- DIRECTIONS -
Only one stretch of the data below is needed. Output the lines from the one with "斯丹德 5D3/2单反6D相机70D700Dfor宾得定时佳能索尼延时60D快门线 RST-7101" up to and including the one with "Temperatures stay above", exactly as they stand.
====== MATERIAL FOR THE TASK
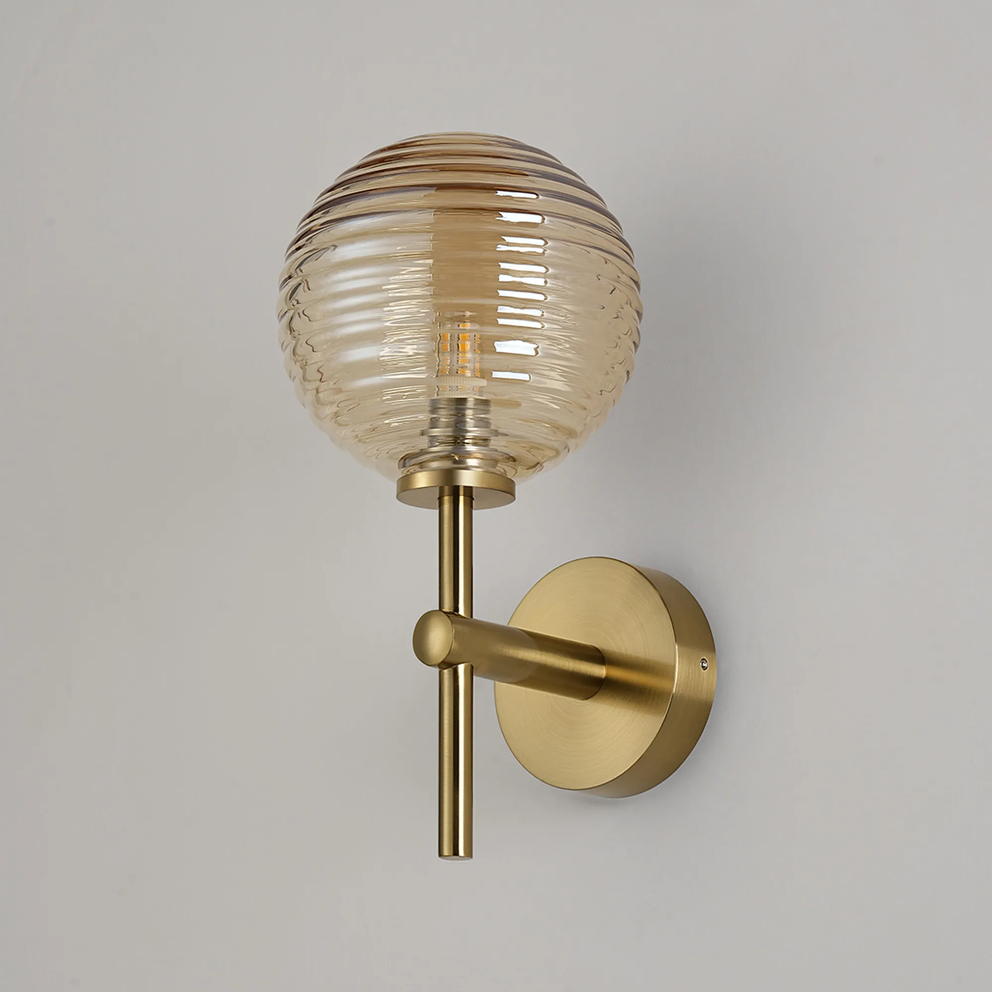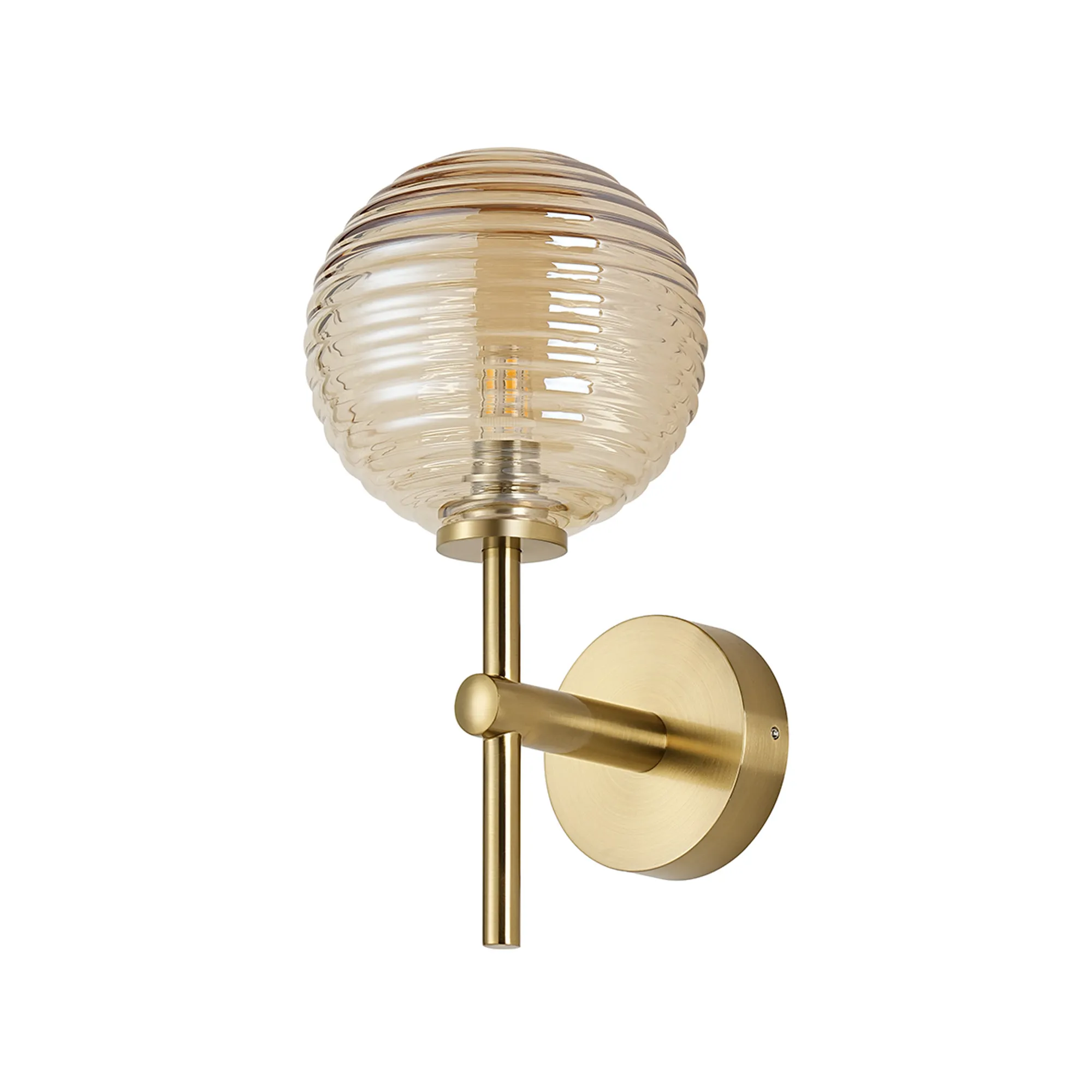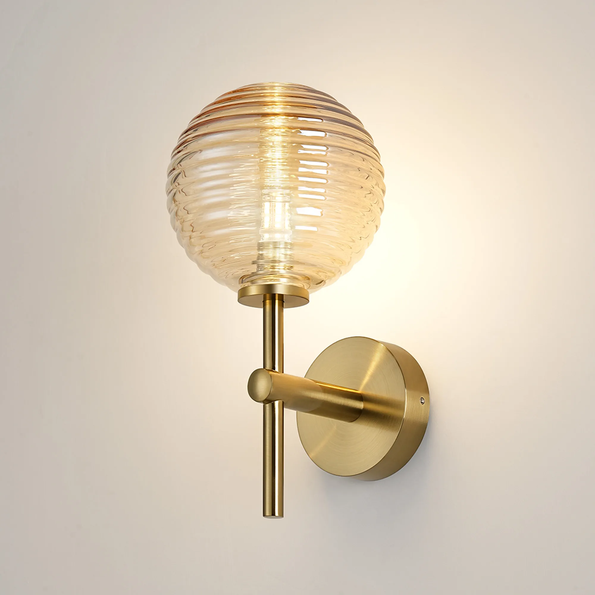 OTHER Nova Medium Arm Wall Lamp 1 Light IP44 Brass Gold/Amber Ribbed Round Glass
============
====== MATERIAL FOR THE TASK
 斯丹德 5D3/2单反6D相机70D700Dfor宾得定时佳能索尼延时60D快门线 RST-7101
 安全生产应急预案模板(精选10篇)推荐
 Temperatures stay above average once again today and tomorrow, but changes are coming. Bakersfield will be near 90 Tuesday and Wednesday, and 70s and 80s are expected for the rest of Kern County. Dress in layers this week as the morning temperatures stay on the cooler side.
============
- WRITTEN ANSWER -
 斯丹德 5D3/2单反6D相机70D700Dfor宾得定时佳能索尼延时60D快门线 RST-7101
 安全生产应急预案模板(精选10篇)推荐
 Temperatures stay above average once again today and tomorrow, but changes are coming. Bakersfield will be near 90 Tuesday and Wednesday, and 70s and 80s are expected for the rest of Kern County. Dress in layers this week as the morning temperatures stay on the cooler side.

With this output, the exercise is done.